Lo speciale su “Come Suona il Caos”, il festival dove la musica, l’ambiente e le comunità comunicano con la stessa lingua.
- Come Suona il Caos 2026
- Come Suona il Caos 2025
- Come Suona il Caos 2024
- Come Suona il Caos 2023
- Come Suona il Caos 2022
- Come Suona il Caos 2020
Come Suona il Caos – Edizione 2026
Tutto pronto per le serate finali di Come Suona il Caos, il festival eco-musicale che Maurizio Capone dirige ormai da cinque edizioni. Quest’anno ha voluto che si svolgesse a Ponticelli, al Centro Ciro Colonna dei Maestri di Strada, con i quali condivide idee e strategie educative. La sfida è portare tante persone dal centro alla periferia per vivere un’esperienza che crea valore sia per chi viene, sia per chi quel quartiere lo vive ogni giorno.
Questo il programma:
- Martedì 14 luglio dalle 18:00 Convegno “L’Acqua, ‘a mamma ‘e tutt’ ’e mamme” dedicato all’acqua in senso ampio: tutela del mare, lotta alla privatizzazione della rete idrica, cambiamento climatico e fenomeni meteorologici estremi. Temi affrontati da esperti dell’ambiente e dell’impegno civile. A seguire Capone terrà un workshop sulla costruzione di strumenti musicali con materiali riciclati e poi spazio alle performance teatrali e musicali dei ragazzi de laboratori di Maestri di Strada e Trerrote fino a tarda sera.

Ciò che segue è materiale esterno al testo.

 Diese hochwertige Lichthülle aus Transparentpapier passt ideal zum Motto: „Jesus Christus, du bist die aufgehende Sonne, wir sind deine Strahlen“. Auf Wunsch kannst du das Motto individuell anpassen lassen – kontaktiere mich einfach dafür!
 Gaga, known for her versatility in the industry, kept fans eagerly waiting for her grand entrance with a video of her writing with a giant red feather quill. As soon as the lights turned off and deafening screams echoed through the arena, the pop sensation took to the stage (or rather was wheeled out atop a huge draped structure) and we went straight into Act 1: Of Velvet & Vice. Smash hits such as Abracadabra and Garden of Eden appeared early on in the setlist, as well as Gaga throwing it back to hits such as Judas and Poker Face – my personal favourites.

- Mercoledì 15 luglio è la giornata dedicata alla musica. Dalle 18:00 saliranno sul palco i ragazzi dei laboratori dei Maestri di Strada, dei laboratori e di altre realtà che fanno della musica uno strumento di crescita. Alle 21:00 inizio del concerto: aprirà Antonio Calabrese, seguirà Andrea Tartaglia e chiuderanno Capone & BungtBangt, con il debutto del nuovo live Electro Junk. A chiusura il dj set di Carlamour. Come ogni anno intorno al palco ci sara “Il Villaggio Come Suona il Caos” con banchetti e stand informativi delle associazioni che aderiscono e sostengono l’evento.
Più che una semplice rassegna di concerti, è un’iniziativa che unisce musica, sostenibilità ambientale, educazione, partecipazione civica e inclusione sociale. Accanto alla musica, infatti, il festival ospita associazioni, educatori, operatori culturali e cittadini che lavorano su temi come: economia circolare; mobilità sostenibile; difesa dell’ambiente; educazione civica; inclusione sociale. L’obiettivo è creare uno spazio di confronto in cui il pubblico non sia solo spettatore, ma parte attiva delle attività e delle riflessioni proposte.

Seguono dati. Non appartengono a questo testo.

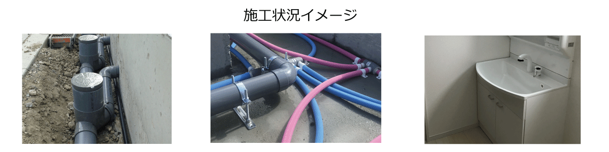 基本工事としてキッチン・洗面台・洗濯パン・1Fトイレ・外部水栓1ヶ所・ガス給湯器接続配管(本体据付は別途)を基本工事とし一式工事で承っております。 |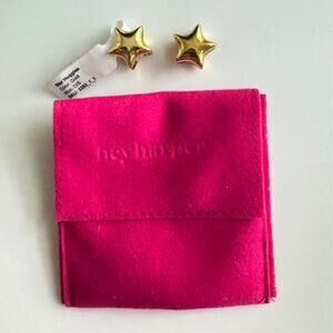 NEW With Tags And Pouch Hey Harper Star Huggies Earrings Gold Tone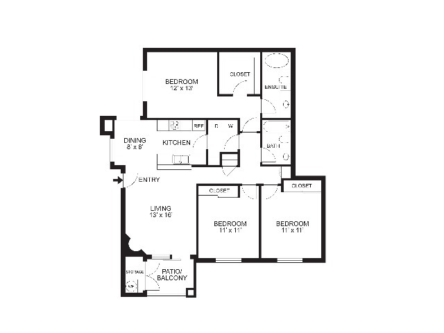 Apartment Model: Royale3 Bedroom, 2 Bath, 1206 sq ftAvailable Now![]()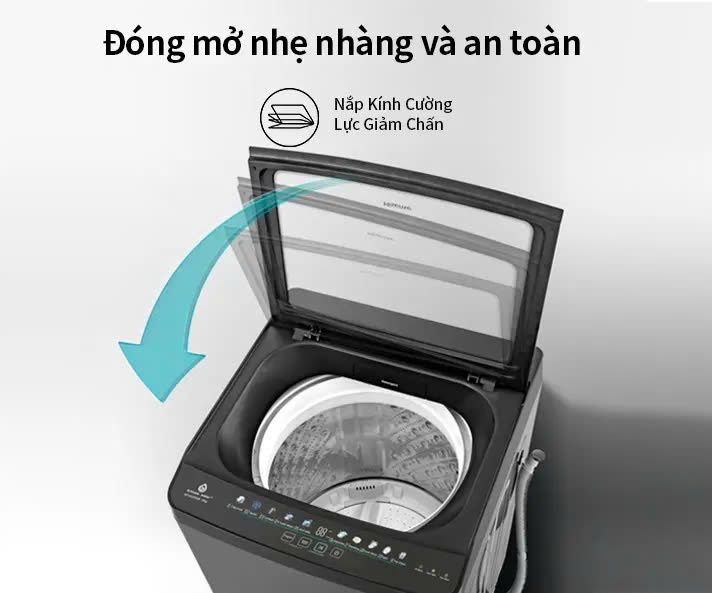 - Nắp Kính Cường Lực Giảm Chấn: Với thiết kế trong suốt, bạn có thể quan sát quá trình giặt một cách dễ dàng. Đồng thời, cơ chế giảm chấn giúp nắp kính đóng mở êm ái, không gây tiếng ồn.

Come Suona il Caos rappresenta un esempio di festival che utilizza la musica come linguaggio per promuovere cambiamento sociale e consapevolezza ambientale, mantenendo un forte legame con il territorio napoletano e con il coinvolgimento delle nuove generazioni.
Come Suona il Caos – Edizione 2025
Non è affatto casuale che Capone e BungtBangt daranno vita allo spettacolo Femmena, Vita e Libertà al Teatro Trianon Viviani di Napoli, diretto da Marisa Laurito, un’artista sempre in prima linea quando c’è da difendere i diritti, specialmente quelli delle donne. Il titolo dell’evento richiama una frase contenuta in “Capille Luonghe”, una canzone della band dedicata a Mahsa Amini, la giovane donna uccisa in Iran dalla polizia morale.

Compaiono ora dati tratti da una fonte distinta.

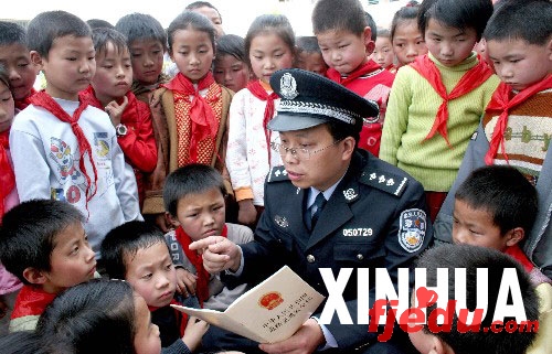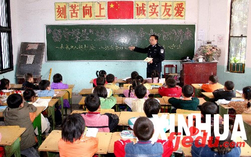 3月29日,四川省华蓥市永兴派出所的民警在为永兴小学的“留守儿童”讲解法律与安全知识。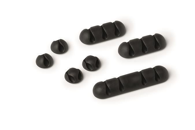Speciální funkce: samolepicí držák pro 1, 2, 3 a 4 kabely; ideální pro připojení mobilních telefonů a USB kabelů do průměru 5 mm; vyrobeno z pružného plastu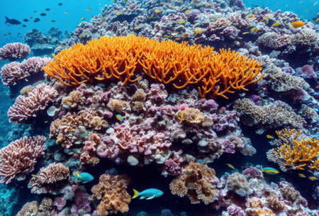 Vibrant coral reef teeming with tropical fish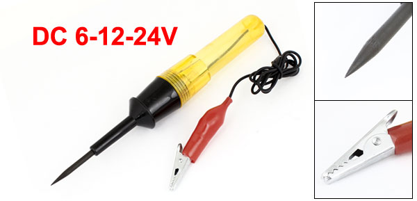 Product Name Car Circuit Voltage Tester Material Plastic, Metal Voltage DC 6V-12-24V Total Size (Approx.) 190 x 27mm/7.5" x 1" (L*D) Clip Max. Clamping Size 9mm/0.35" Cable Length(Approx.) 72cm/28.3" Handle Color Clear Yellow, Black Net Weight 37g Package Content 1 x Car Circuit Voltage Tester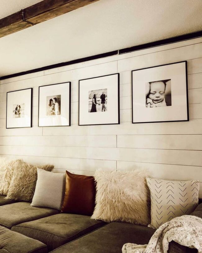 Elegant black and white photographs adorn a textured shiplap wall, creating a captivating focal point with crisp white mats and bold black frames.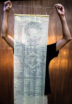 Drobne otwory w świetlisto-żółtej materii tkanin tworzą strukturę przypominającą kod. Możemy nazwać go hipotetycznym zapisem "mowy" pszczelej w formie nieznanego nam pisma, a podążając tym tropem, całość instalacji Biblioteką lub Archiwum wiedzy, której nie potrafimy odczytać. Podobne w swej strukturze formy zapisu znamy z języka Braille'a, kodu Morse'a, z perforowanych kart pamięci pierwszych komputerów czy też z żakardowych krosien tkackich. Istotą projektu jest spotkanie, współpraca i komunikacja służąca nie tyle przekazywaniu informacji, co nawiązywaniu relacji i budowaniu więzi. Rozumiane są one jako punkt wyjścia do tworzenia nowych modeli myślenia o przyszłości, której niepewność w obliczu zmian klimatycznych przeczuwamy (i już doświadczamy).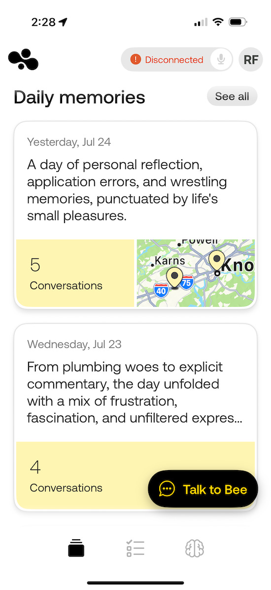 Unlike other AI apps, Bee doesn’t wait for you to ask it a question, or guess who you are (what you do or don’t do, like or don’t like, think or don’t think).

La sua morte ha dato origine al movimento Donna, Vita e Libertà, un grido di protesta e speranza che ha attraversato i confini, diventando simbolo della lotta contro l’oppressione.
Ed è proprio ispirandosi a questa forza che prende forma Femmena, Vita e Libertà, uno spettacolo dedicato alla celebrazione dell’universo femminile e alle storie raccontate dalle donne attraverso la musica e le canzoni della band, da sempre sensibile ai diritti umani e alla tutela dell’ambiente. La donna non è solo musa ispiratrice, è motore di cambiamento, radice e futuro. Capone & BungtBangt, figli di questo tempo, osservano un mondo che li riguarda e li chiama in causa. In Femmina, Vita e Libertà , la musica diventa “ponte”, e come un’onda arriva alle coscienze di tutti, la musica amplifica le voci delle donne.
Voci che parlano di battaglie quotidiane, di diritti negati e di quelle contraddizioni che galleggiano sotto “pelle”nella nostra società. Voci che, troppo spesso, restano soffocate o invisibili.
Ospiti della serata:
- Milly Borrego (Cuba) – danzerà e racconterà la difficile situazione di Cuba aggredita dal capitalismo americano.
- Rosalba De Girolamo (Napoli) – interpreterà un estratto da Nuda omaggio a Marilyn Monroe.
- Cristina Donadio (Napoli) – reciterà un brano tratto da Storiacce sui bambini violati del Parco Verde.
- BeuRibe Escudero (Messico) – danzerà e racconterà dei migranti messicani sotto attacco di Trump.
- Elckjaer Franco Bono (Venezuela) – danzerà e curerà le coreografie di Capille Luonghe.
- Fabiana Martone (Napoli) – cantante ed attivista verde del gruppo Guerrilla Planting con cui è stato creato il flash mob di sensibilizzazione sull’importanza del verde nelle città.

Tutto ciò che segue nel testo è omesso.